The COVID-19 pandemic created an opportunity to verify the methods and tools used in solid waste management in cities [47,48,49,50,51,52]. Conducted research helped identify key challenges in research and development in the field of solid waste management, such as [53]:

• Factoring in the socioeconomic uncertainty with respect to the possibility of financing activities and changing human habits in the process of decision making;
• Developing adequate approaches towards sustainable management of solid municipal waste in countries with low income during the pandemic;
• Providing necessary training programs and decent regulations with the aim of improving people’s knowledge, attitudes, and practices in connection with solid waste management during the pandemic;
• Development of selective storage and collection of waste from households involved in healthcare or from small healthcare units;
• Creating feasible and controllable plans for collecting, processing, transferring, and eliminating infectious and non-infectious hospital waste during the pandemic in developing countries;
• Assessment of the sustainability of the life cycle for different scenarios of storing and managing municipal waste during the pandemic.

There are many methods of managing and organizing an effective, innovative, and sustainable system of municipal waste management [54]. Technological evolution has also brought about considerable changes. It is now possible to automatically sort, measure, transport, and press waste as well as monitor and report waste management. All increase the effective use of time, resources, and energy and improve the availability, transparency, and traceability of current waste and the process of collecting information [55].

Collecting and processing data on the quantity of waste is an important aspect of the urban waste management process. Public waste management policy, supported by state and European Union funds, aims to improve resource and sustainable development efficiency and minimize the environmental impact. Collecting data on the generation of waste aids decision-makers in creating and implementing more effective waste management policies [56]. Effective waste management relies on the cooperation of many entities [57,58]. Research shows that preserving material value across economic cycles can be promoted through better waste data sharing and enhanced dialogue and collaboration between key actors [59]. Reduction of the negative effects of the entire waste management system can be achieved by measures such as:

• Citizen–government partnership, e.g., the Advanced Locality Management Program of Mumbai [60];
• Identification of factors influencing successful implementation of solid waste management in the city, in particular: citizen participation, adequate resource availability, a successful waste management plan, public awareness, training and awareness of staff, market availability, and political commitment [61].

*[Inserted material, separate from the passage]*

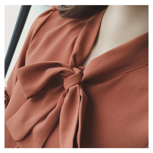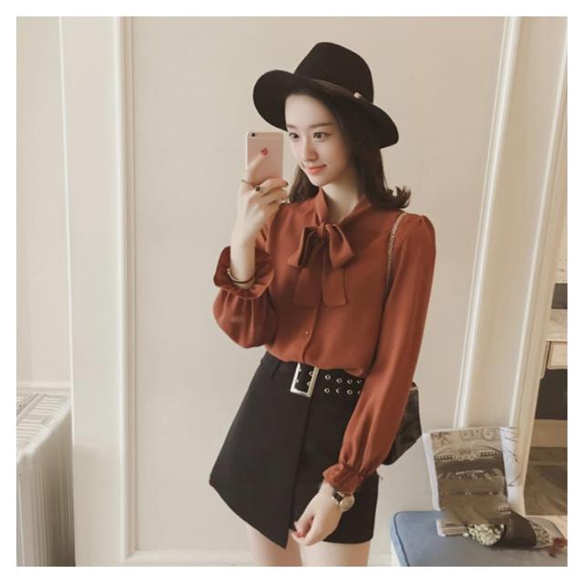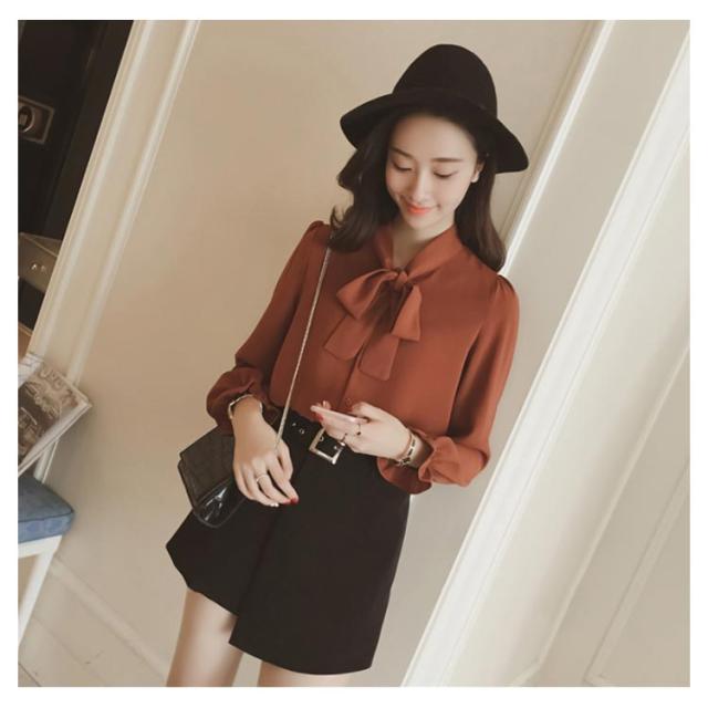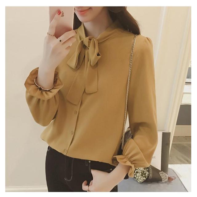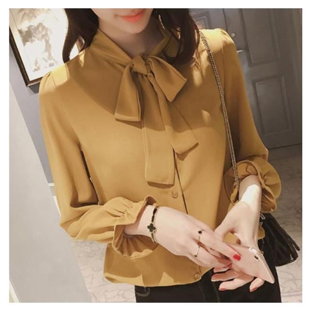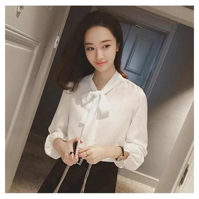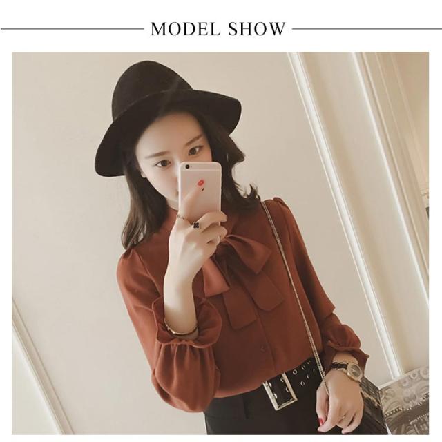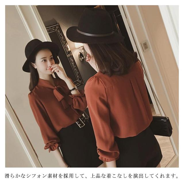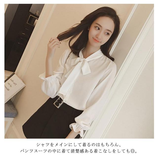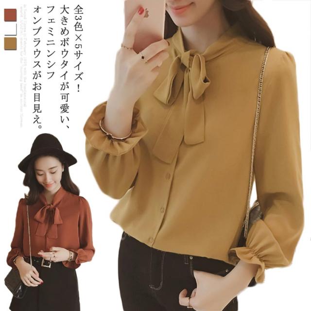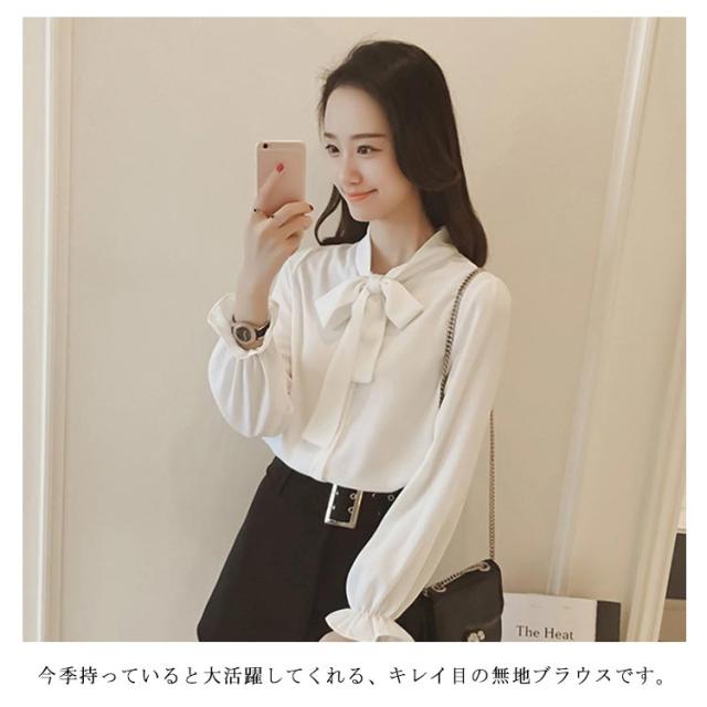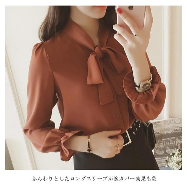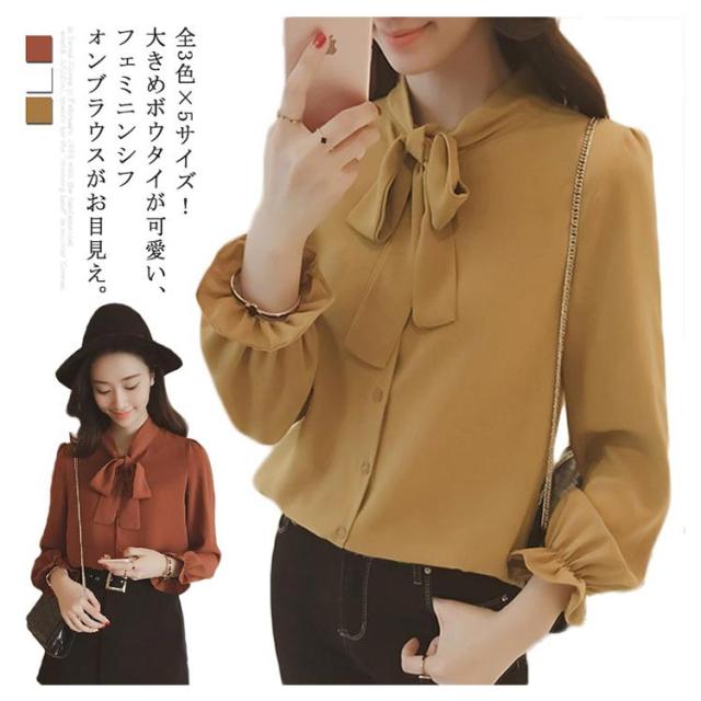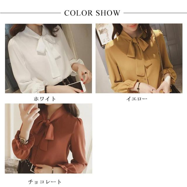 全3色×5サイズ!ボウタイシャツ ボウタイ リボンシャツ シャツ ブラウス トップス 長袖 オフィス 通勤 無地 春 夏 おしゃれ 女性

The experience of European cities indicates the need for the following actions:

• Making decisions at the local level with direction to develop waste management in the context of a circular [31,62,63] and integrated economy [64];
• Restructuring of the waste management sector towards compliance with the circular economy principles [65];
• Developing a set of indicators as the basis for setting long-term visions and goals concerning the city’s material resources and promoting the zero waste idea [66];
• Analysis of the impact of the zero waste strategy on greenhouse gas emissions [67];
• Promoting urban agriculture as part of a waste management strategy towards the circular economy [68];
• Taking into account decision-making processes considering both environmental and economic sustainability [69];
• Promoting the circular economy, especially in cities with high tourist traffic [70];
• Developing new management strategies, taking into account the environmental efficiency of waste management [71].

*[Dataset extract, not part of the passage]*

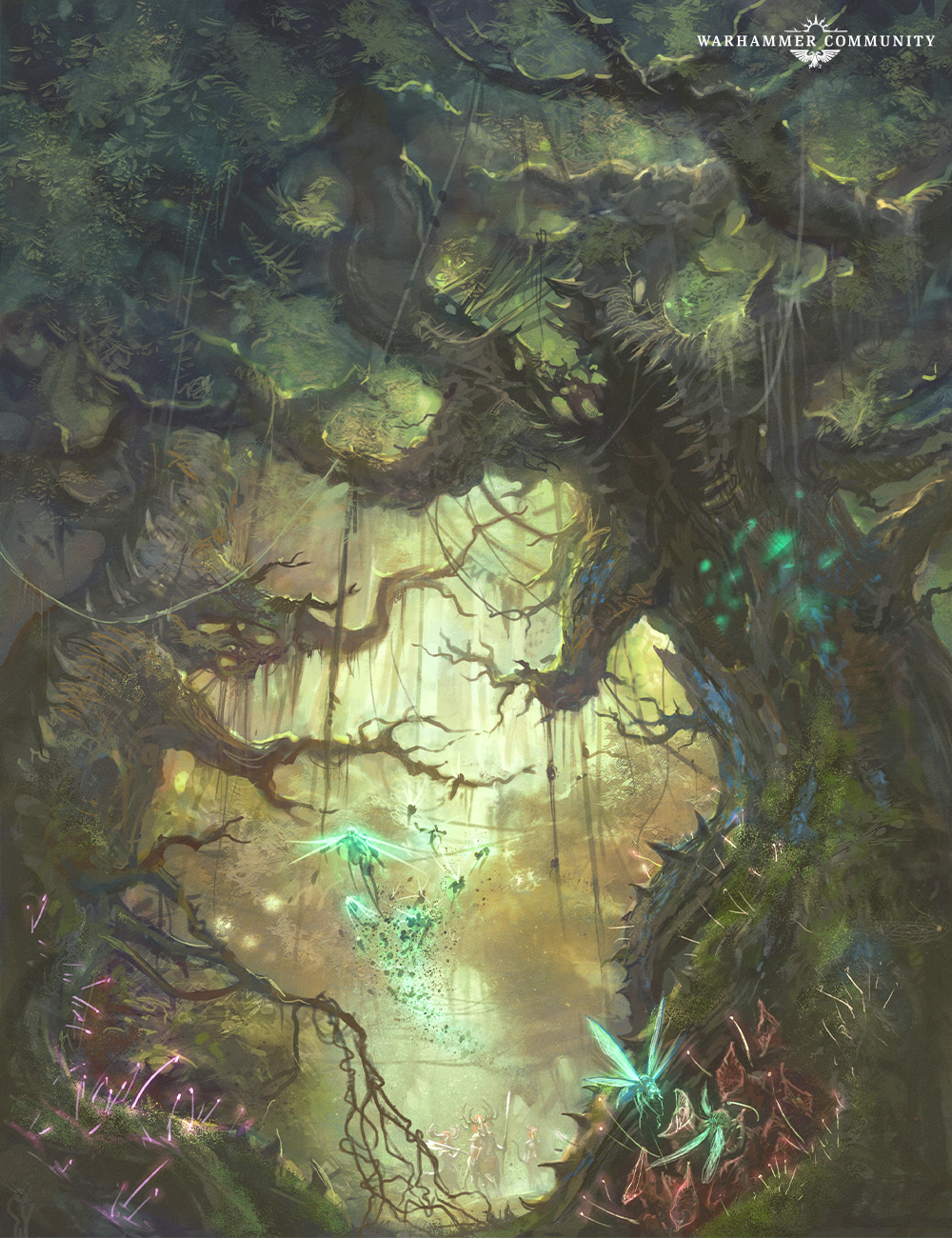 Join us as we venture to Ghyran to bask in the natural beauty of some classic Sylvaneth artwork for Warhammer Age of Sigmar. Come, sit with us beneath the Oak of Ages Past and enjoy these tree-mendous pieces of art.
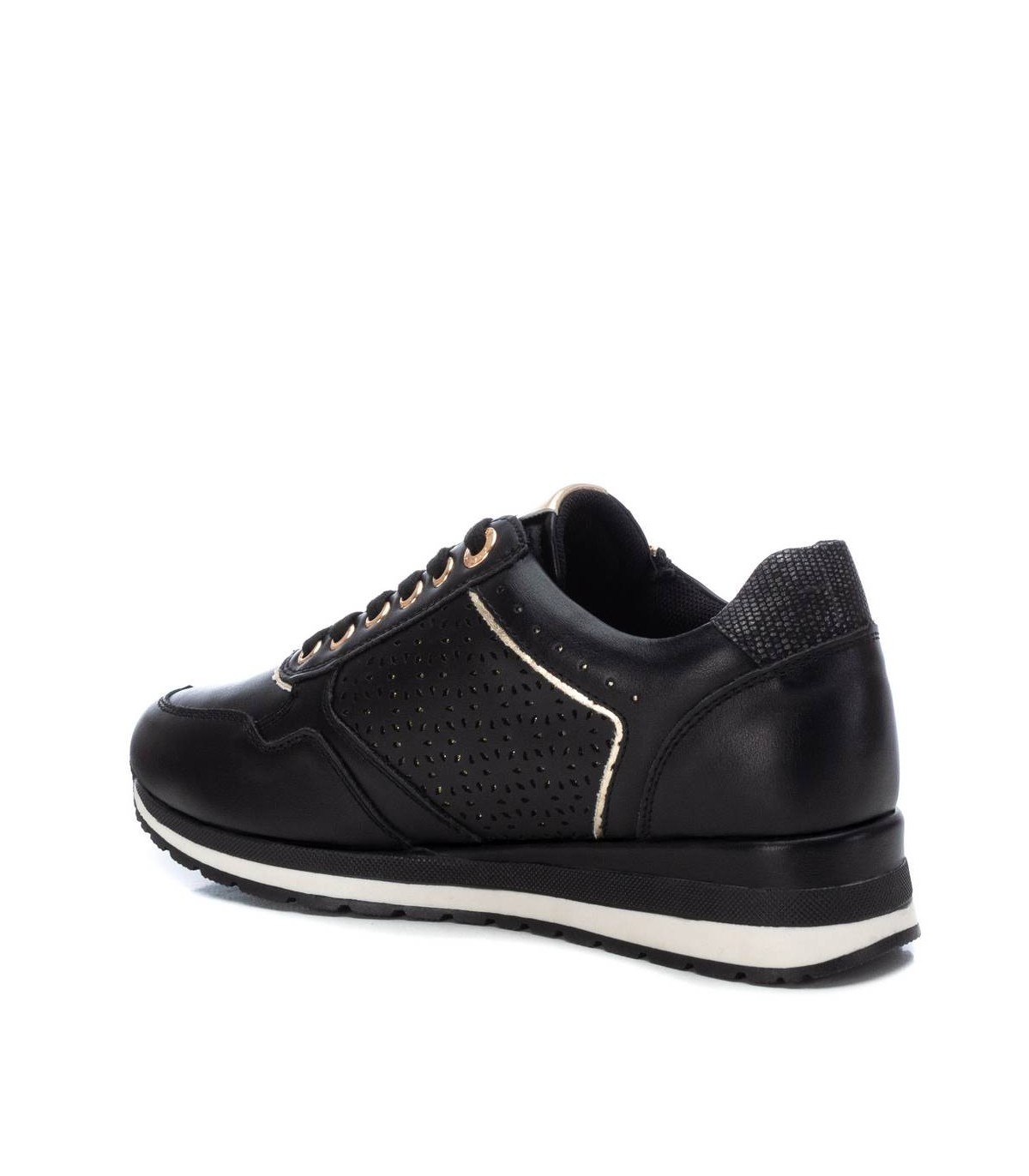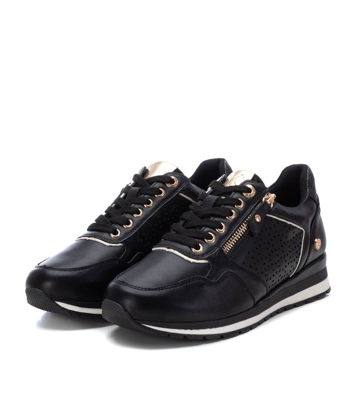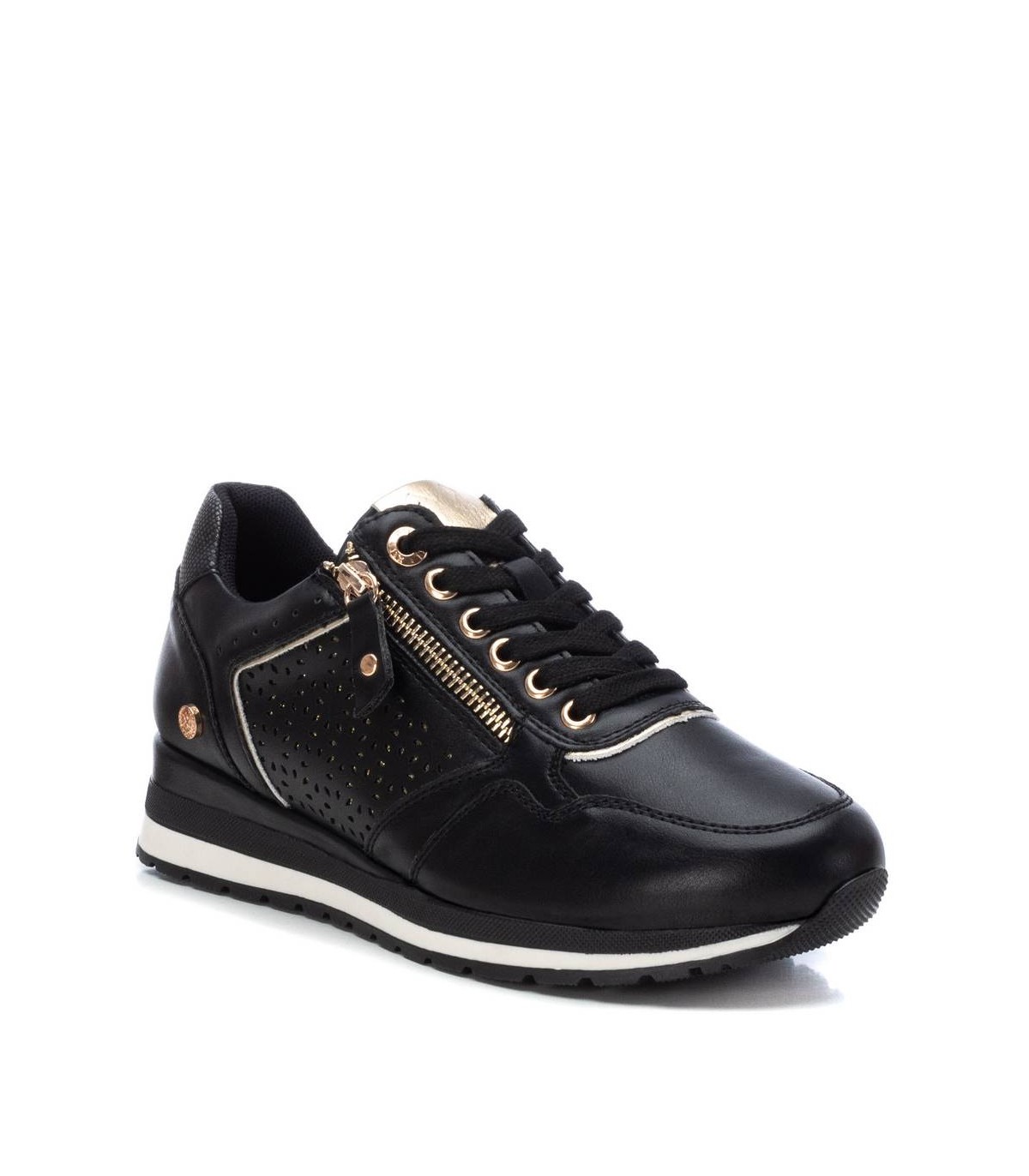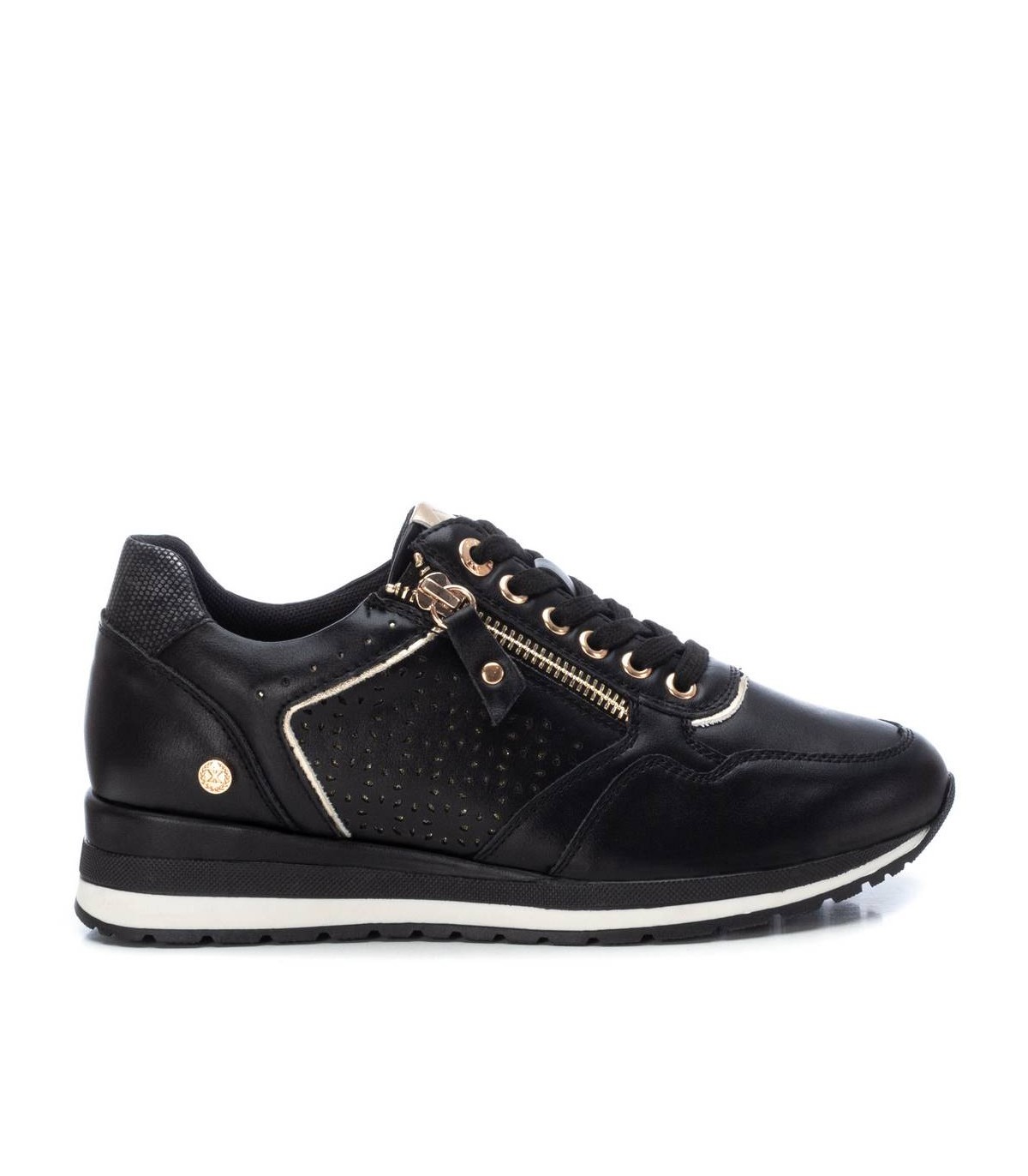 Zapatilla casual de mujer, de la marca Xti. Está fabricada en material que imita a la piel. Bonito troquelado en el lateral. Cordones al tono y cremallera con función en el lateral. Cuña bicolor con suela de goma antideslizante. Este modelo ha obtenido el certificado vegano por la organización mundial PETA (Organización de los derechos de los animales).

Sustainable development of cities should be the key goal of waste management. This means that waste management entities should plan and organize their activities in a way that guarantees the achievement of economic, environmental, and social goals. This study concentrated on waste management challenges faced by Polish cities. Unfortunately, landfilling is still the main method of managing waste in Poland. Nevertheless, current legal regulations and the growing ecological awareness of society should contribute to the creation of waste management systems based on the circular economy aimed at increasing the amount of segregated municipal waste.

Taking into account the indicated research gap, the aim of this study was to assess the use of expenditure on fixed assets for environmental protection in the area of waste management in the direction of reducing the amount of mixed municipal waste collected and to identify actions taken by the authorities of Polish cities to reduce the amount of generated waste and its proper treatment by the urban community. The conducted research will help to answer the following questions:

• Does the expenditure on waste management really translate into a reduction in the amount of waste in urban areas?
• Are there any positive trends in municipal solid waste management in cities?
• Are city authorities making sufficient efforts to create a circular economy in the context of municipal solid waste?

Therefore, the research results will help city managers to verify their waste management decisions towards circular resource management and, possibly, develop good practices in this area.

2. Methods

2.1. Econometric Model

In order to determine the relationship between effects achieved in the quantity of collected mixed waste and outlays on waste management, it was necessary to analyze the influence of investment into fixed assets for environmental protection in the scope of waste management on the amount of municipal waste generated in cities by households and other sources. The following variables were used in the analysis:

• WASTE_UA—municipal waste collected (excluding collected separately) in urban areas (thousand tonnes);
• POPULATION—population in urban areas (persons);
• OUT_TRANS—outlays on municipal waste collection and transport (thousand PLN);
• OUT_LAND—outlays on rendering non-hazardous waste harmless and disposal of non-hazardous waste, including combined storage (thousand PLN);
• OUT_RECYC—outlays on recycling and utilization of waste (thousand PLN);
• OUT_RECLA—outlays on reclamation of waste landfills and devastated and degraded lands (thousand PLN).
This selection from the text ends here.